To test whether using the computational microscope in conjunction with the Mouselab-MDP paradigm is a reliable way to measure how people plan, we test this approach using simulations and empirical data. First, we perform simulations to test our hypothesis that the Mouselab-MDP paradigm yields so much information about how people plan that it becomes possible to accurately infer which planning strategy they used on a single trial and how that strategy differed from the strategies that the participant used on the preceding trial and on the following trial. In follow-up simulations we then assess whether this is also true for the relative contributions of different decision systems. Following these simulation studies, we test whether the inferences of our method are valid measures of planing and learning by applying it to empirical data from studies where planning and learning were experimentally manipulated.

Simulation studies

To test if our experimental paradigm makes it possible to infer people’s planning strategies on a trial-by-trial basis, we simulated which process-tracing data we would obtain in a Mouselab-MDP experiment depending on which strategies people use and how those strategies change from each trial to the next. We then applied our computational microscope to the simulated process-tracing data to test if that data would be sufficiently informative about the underlying planning strategies that we would be able to infer them correctly. Concretely, we report two sets of simulations suggesting that our method can accurately measure changes in people’s planning strategies and the relative influence of different decision systems, respectively.

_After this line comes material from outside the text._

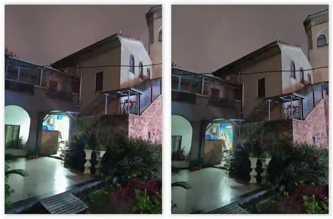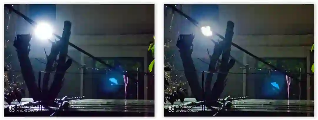 「请持稳手机」顶多算半个夜景模式,这个真夜景模式才是动真格的。可以看到,左边的「请持稳手机」把照片拍亮了,右边的「全自动」夜景模式把亮的拍到了。

Is the process-tracing data from the Mouselab-MDP paradigm sufficiently informative about people’s planning strategies?

We simulated a Mouselab-MDP experiment with 31 trials of the 3-step planning task illustrated in Fig. 1 and described in Section 5 for various different sequences of planning strategies. We derived six sets of sequences of planning strategies from five different models of how people might learn how to plan. To generate the first data set, we applied the rational model of strategy selection learning by Lieder and Griffiths (2017); the parameters of this model were fit to the data from 57 participants performing 31 trials of the 3-step planning task illustrated in Fig. 1 (i.e., the control condition of the experiment described in Appendix A.1). We created four additional data sets by modeling the temporal evolution of people’s planning strategies as gradual learning, insight-like learning, a mixture of both gradual and insight-like learning, or a random process that chooses the strategy on each trial independently at random (random model). In all cases, the generation of the strategy sequence and the generation of each click sequence given the sampled strategy involved a considerable amount of randomness that matched or exceeded the variability observed in human data. For a more detailed description of how the data was generated, please see Section A in the Appendix. To avoid bias towards any one of the five models, we used each of them to generate a data set with 500 simulated participants completing 31 trials each. We then combined the resulting five data sets into a single data set from 2500 simulated participants.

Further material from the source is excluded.